- 1 About HPV
- 2 Why HPV vaccines are unnecessary
- 3 Why HPV vaccine impact on cancer unknown
- 4 Why the science on HPV vaccination is not settled
- 5 Pharmaceutical Companies’ Role in State Vaccination Policymaking: The Case of HPV
- Human papillomavirus (HPV) is the most common sexually transmitted infection in the United States. There are more than 200 strains (and counting). In the vast majority of cases it causes no health problems and completely clears on its own.
Why HPV vaccines are unnecessary
- More than 90% of HPV infections clear on their own
- Regular pap smears are still needed and are very effective at preventing cervical cancer by early intervention
- Precancerous lesions are curable
- Maintaining a healthy diet and lifestyle further reduces risk of HPV complications
Why HPV vaccine impact on cancer unknown
- It takes on average 30 years for cancer to develop in the rare cases when HPV infection does lead to cancer. The impact of vaccination programs is not yet known.
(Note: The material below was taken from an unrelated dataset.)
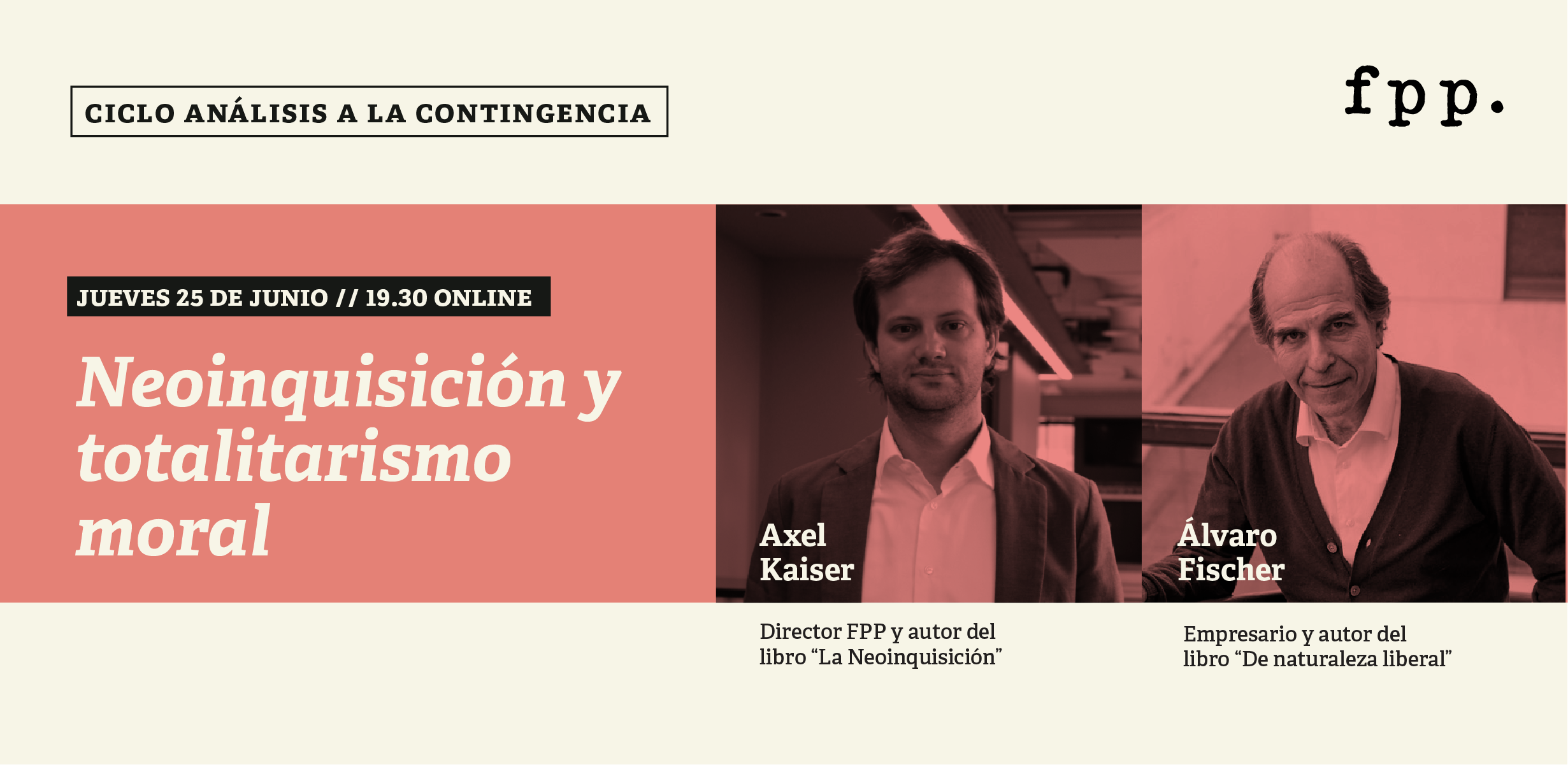 FPP te invita a reflexionar junto a Axel Kaiser y Álvaro Fischer sobre la corrección política desmesurada, la neoinquisición y el totalitarismo moral que está provocando un colapso en la esfera pública como espacio de diálogo y debate de ideas, lo que ha desencadenado verdaderas “cacerías de brujas” hacia quienes digan o piensen lo contrario a lo socialmente aceptado en la actualidad.
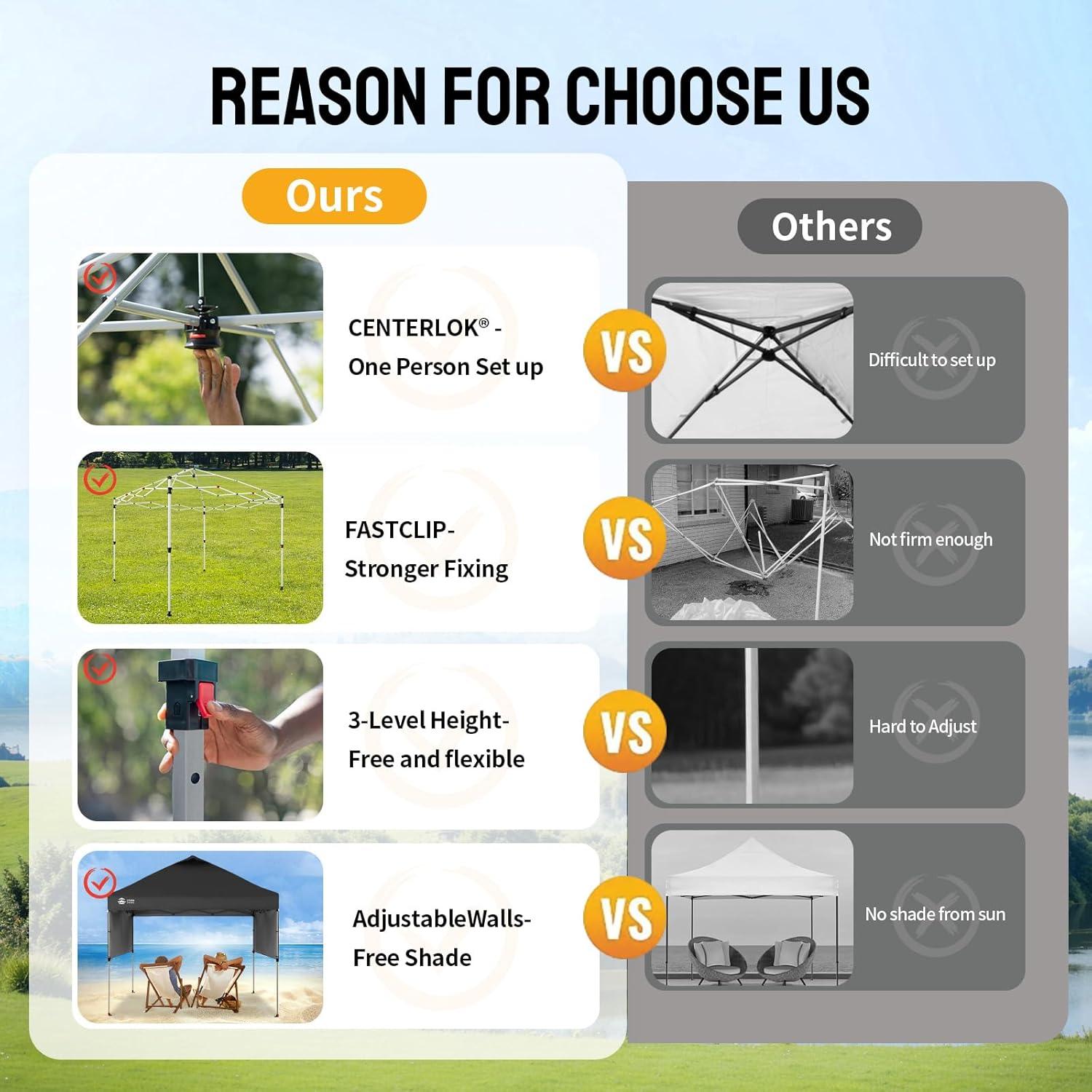 [EASIEST SET UP]: Patented one push center lock technology – central hub locks out all four legs with a single push. Then use the soft pinch-free buttons to set the leg height. The new generation canopy designed so two people can set it up in seconds with no tools necessary.

- Strain replacement has been found to occur. There are more than 200 strains of HPV. While the current Gardasil9 vaccine protects against what are thought to be the strains leading to the most cancer, It is not known what impact other strains may have on cancer rates or on other health conditions. “The number of studies that show that partial immunization via available HPV (human papillomavirus) vaccines is not only insufficient at reducing overall HPV infection rates; the vaccines actually cause rarer, more lethal types of HPV to sweep in and the net effect could be devastating increases in HPV-related cancers.” Dr. James Lyons-Weiler.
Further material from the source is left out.